Василиса в торговых рядах сменила шелка добытые на кафтан купеческий, и уж в таком виде расторговалась, дала волю кощеевой любви к злату-серебру (прикупила костюмчик, который давал бонус к успеху торговли).
Продала Василиса добычу военную, да снарядила ватагу к походу в царство Навье. Да при том всё ватажники терем царский стороной обходили, опасались прежде времени на глаза Ивану Гневному показаться.
Дружинников своих новоявленных Иван-крестьянский сын услал в родную деревню, кою мыслил сделать своею столицею. Да с ними же отправил и Марфушу, и Марью Искусницу, не жаловали девицы шума городского.
Как покончили со сборами, выступи ватажники к речке Смородине, на поиски моста Калинового, пути-дорожки во царство Навье. И Митяя с собою забрали, дюже сильно мальчонка повязан с Навью. Коли и не споможет в походе, так всяко за ним глаз да глаз нужен.
Я тебе ещё пригожусь
Миновали ватажники камень памятный, путеводный, пошли прямо, туда, где прежде сгинуть пророчилось. Повела дорожка середь холмов да лесков малых. Дорожка ровная, да нехоженая – ни попутчика, ни зверя, ни даже птицы небесной.
Шли да шли, да вошли в перелесок, где услыхала Василиса ржание конское, двухголосное. Да не конское, а жеребячье, да будто напуганное. Пошли ватажники на голос, узрели на полянке двух жеребят вороных, что на месте плясали тревожно, копытом били, да озиралися.
Иван, не даром сын крестьянский, сумел лошадиную печаль опознать, указал, что боятся жеребята леса ближнего. Хулимир прислушался, внял голосу звериному (наконец-то пригодилось дубль 2), услыхал таковы слова: «Кто бы избавил нас от волка страшного, мы бы за того своему батюшке кланялись».

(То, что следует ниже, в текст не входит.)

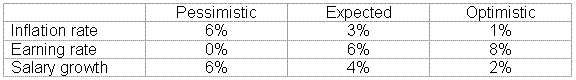 It is common to set up alternative scenarios, e.g. pessimistic, expected and optimistic, and run them through a model. Each scenario will consist of a set of assumptions and inputs chosen by the user. Importantly, the assumptions need to be consistent, so for example, if you assume inflation is only 2%, salary growth is likely to be low as well.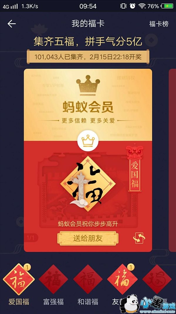 支付宝的钻石会员将会获得3张专属“万能福”卡,作用也和去年一样,“万能福”卡可以转换为任何福卡,也可以将“万能福”卡送给好友。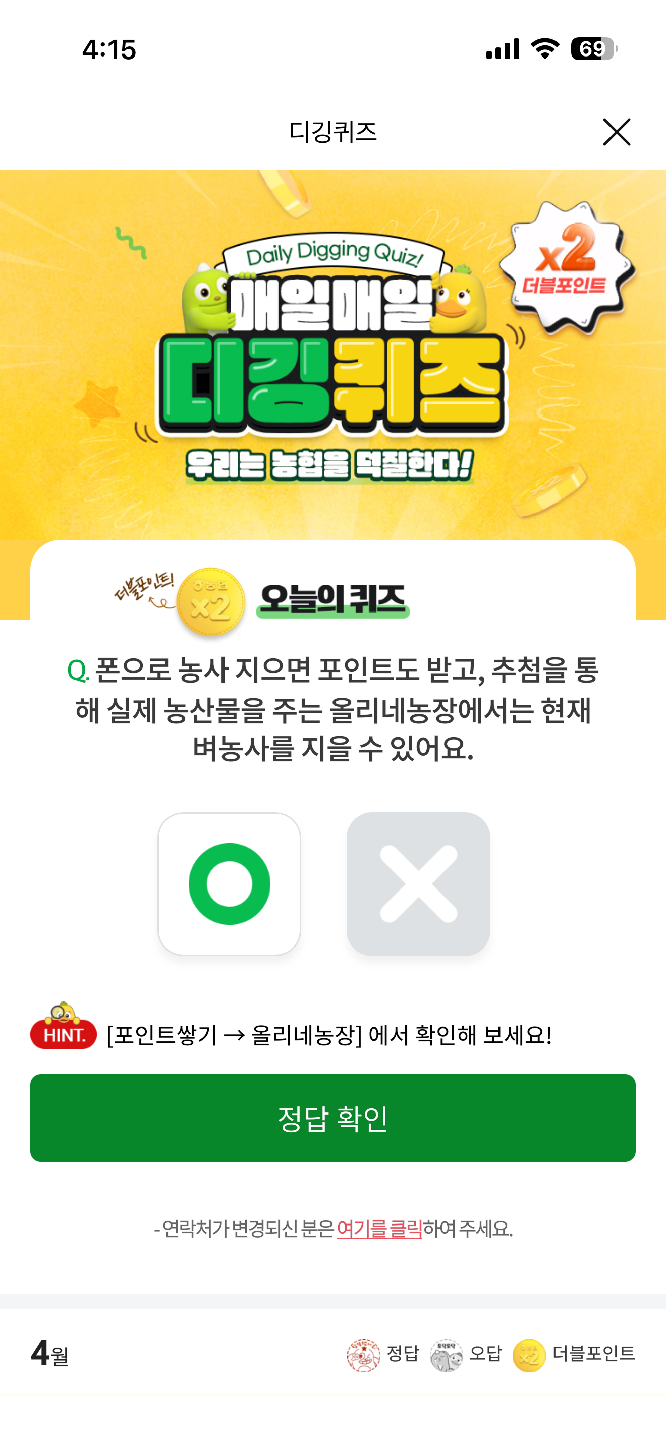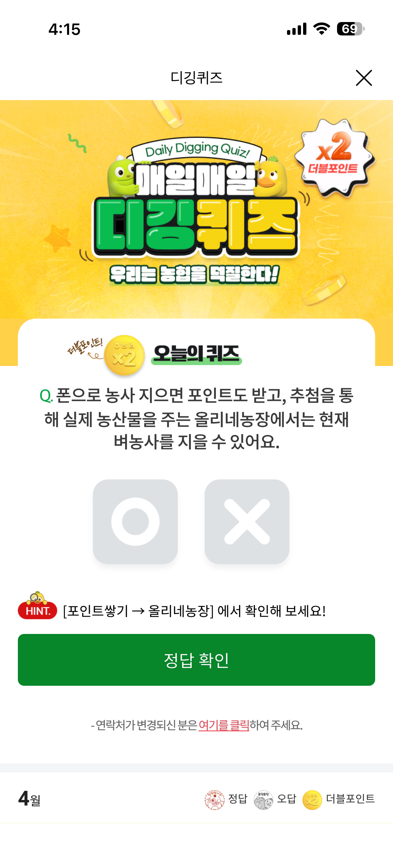 폰으로 농사 지으면 포인트도 받고, 추첨을 통해 실제 농산물을 주는 올리네농장에서는 현재 벼농사를 지을 수 있어요 O, X 퀴즈인데요.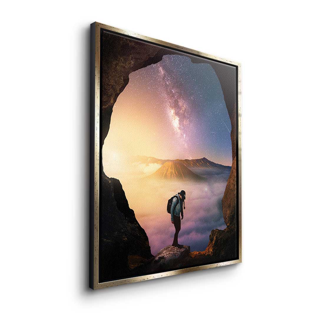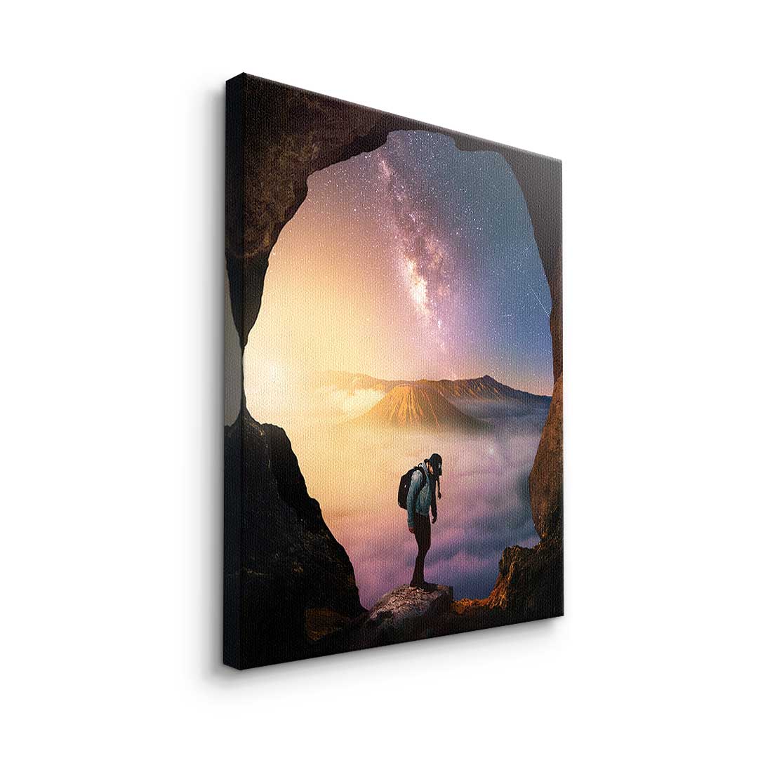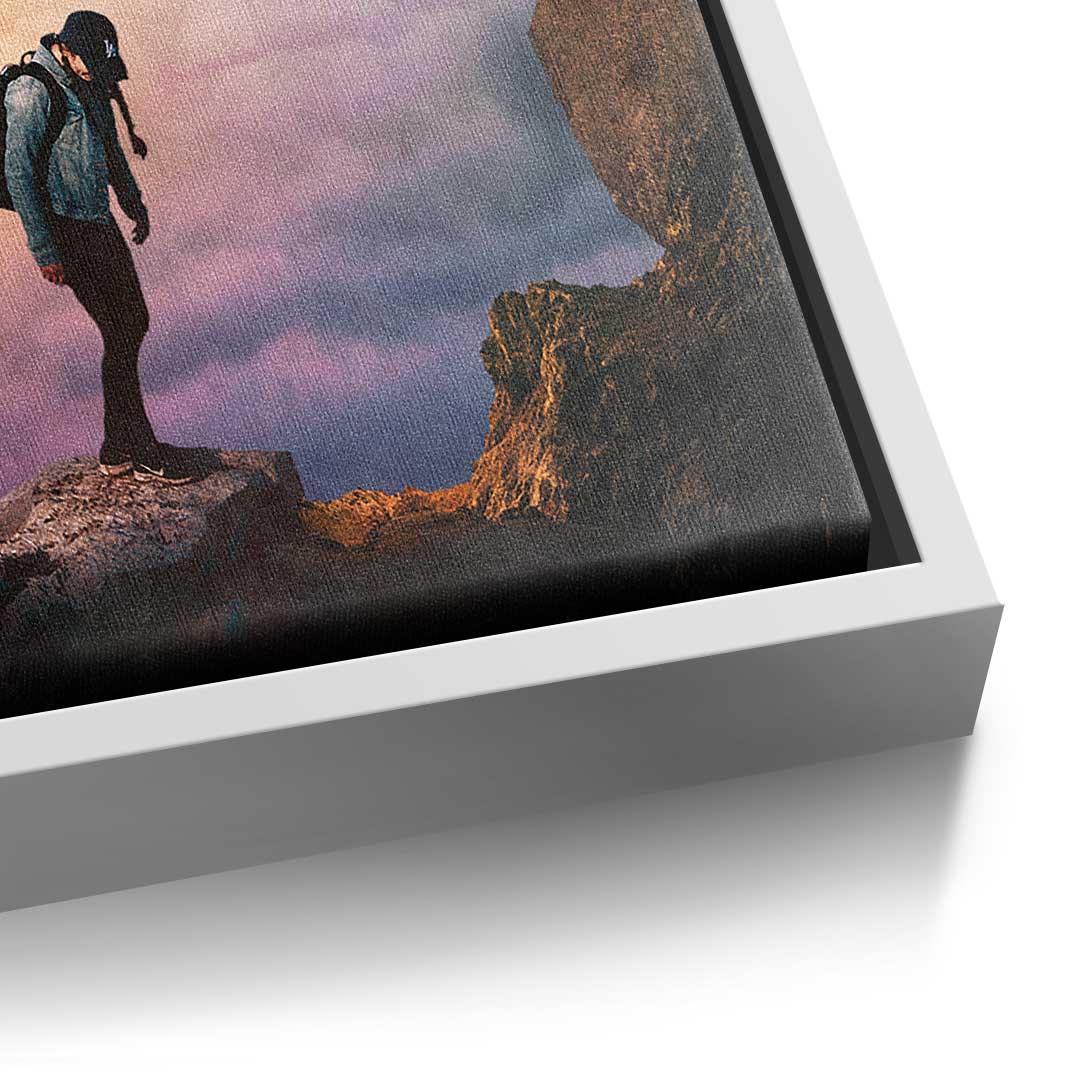 DOTCOMCANVAS® Premium canvas print with an adventurous hiking motif in the colors blue, orange and purple.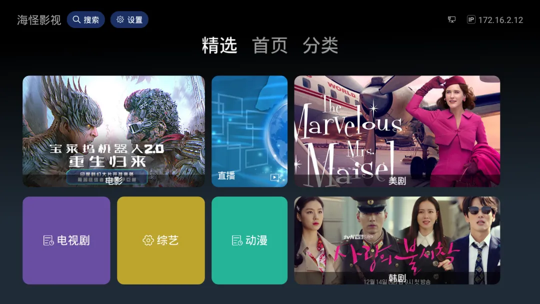 软件叫海怪影视,首页就是这样的精选分类,以国外的的影视资源为主。官方介绍它通过先进AI智能算法。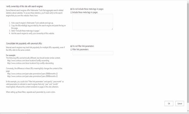 Search Engine Optimization SettingsHere in the search engine optimization settings we can see it optimized by adding metatags to the pages. You also have an option to filter the link parameters to avoid a link based on popularity coming up as the search option.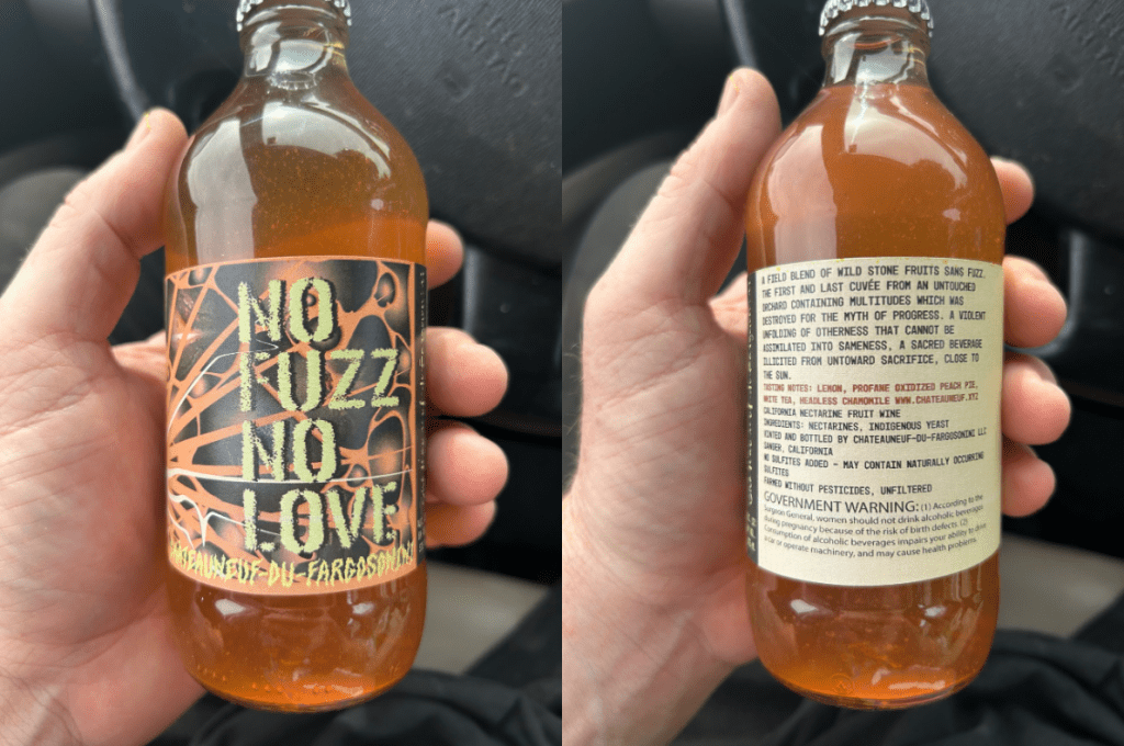 No Fuzz No Love: A 100 percent nectarine wine that is plush, tropical, and has a background of mild oxidation.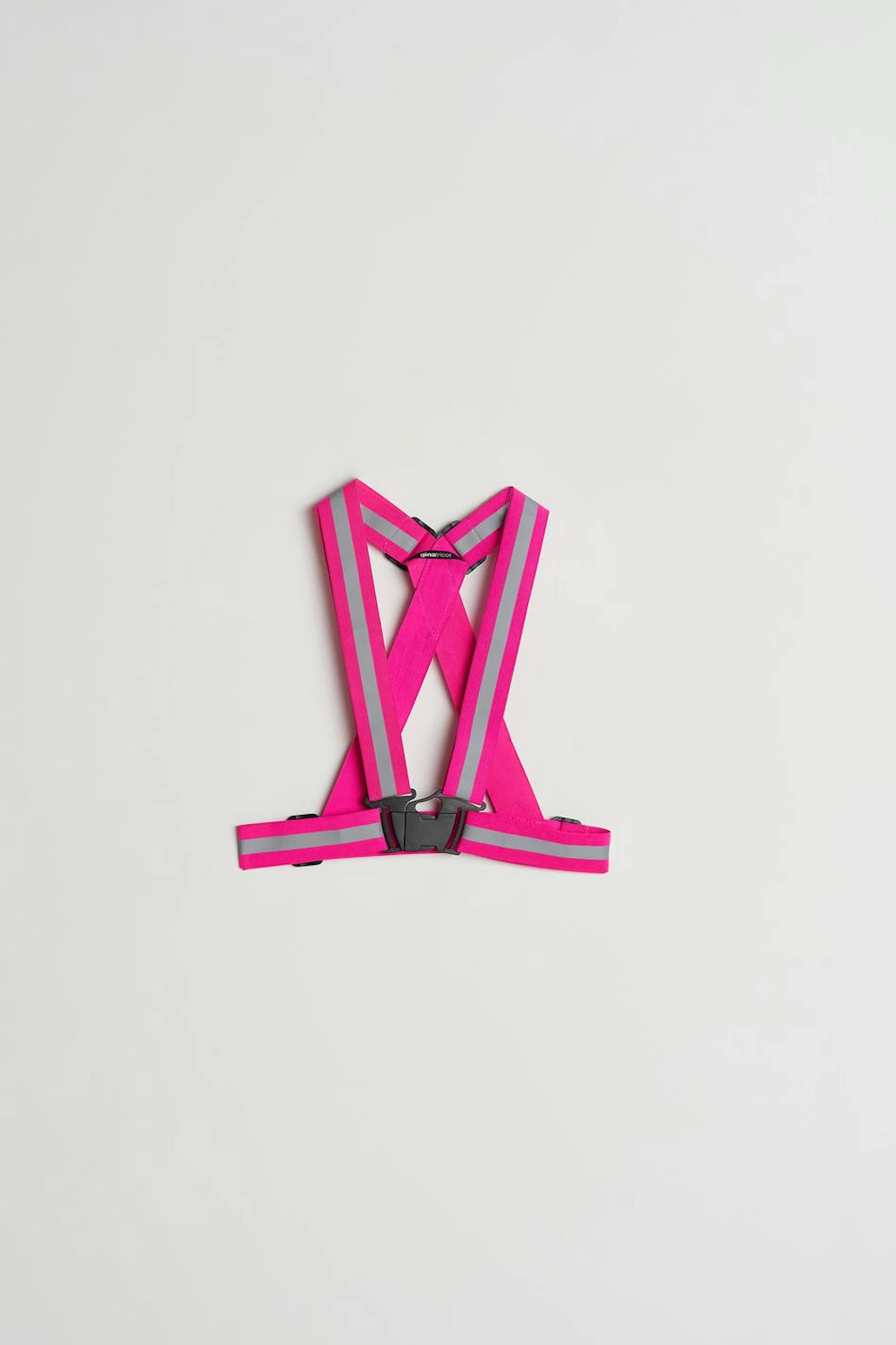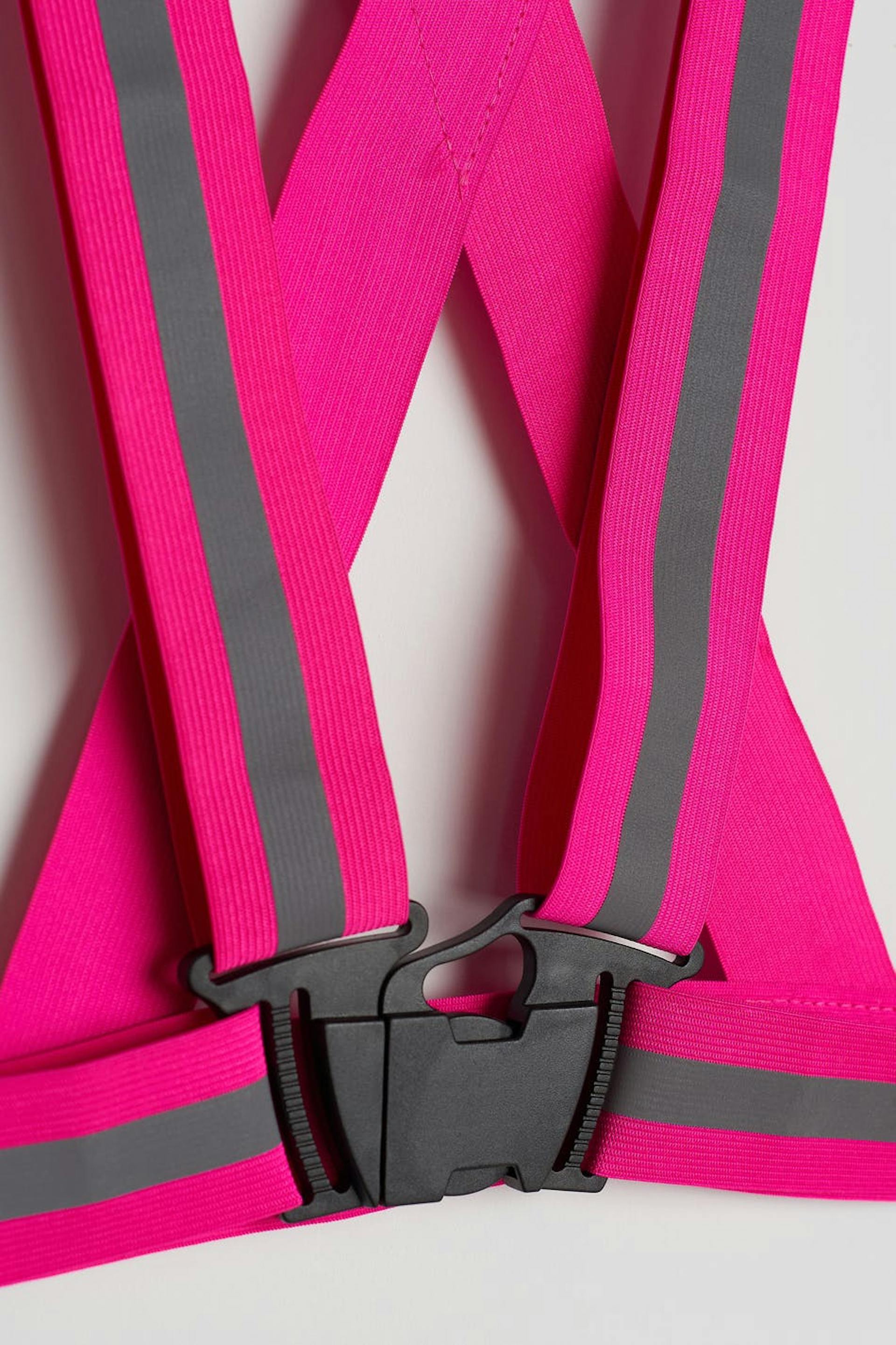 Gürtel mit reflektierenden Elementen. Der Gürtel ist rosa und hat eine Schnalle vorne. Er hat Träger in der Taille und Schulterträger am Rücken.

Смекнули ватажники, что жеребчики эти – ни от кого иного, как от коня самого Чуда-Юда, что мост Калиновый сторожит. Того коня, что хозяина своего быстрее ветра носит по земле Навьей. Решили пособить, не колеблясь.
Ступили ватажники в лес, оставив Митяя глядеть за жеребятами (а ему и в радость). Вскоре углядала Василиса в кустах волка серого. Решил Хулимир и волчью речь подслушать, места-то здесь особые, вдруг и волк непростой? Навострил он свой слух – разобрал, что молвил волче «Ауф!».
Изготовились ватажники к бою, Хулимир из кустов взоржал жеребёнком, хищного зверя выманивая (вышло правдоподобно, хоть и кидал на Харизму, которая у Хулимира – днищенствующая характеристика). Поверил серый волк своему слуху да голоду, рванулся на голос волхвовской, да налетел на Василисину секиру.
Почали ватажники волка рубить, да не так прост оказался серый. Василисе перекусил руку левую – пала наземь секира вострая. На Хулимире сгрыз волк все корни древесные, коими волхв укрывался заместо доспехов (не грози навьему волку, попивая мёд у себя в полцарстве!). Но сдюжили ватажники, издох зверь злобный, пронзённый древесным копьём волхвовским.
Опосля сечи воротились ватажники на поляну. Жеребята хвост задрали, да сгинули – пыль из-под копыт – токмо напервой Митяя кругом обошли да обнюхали.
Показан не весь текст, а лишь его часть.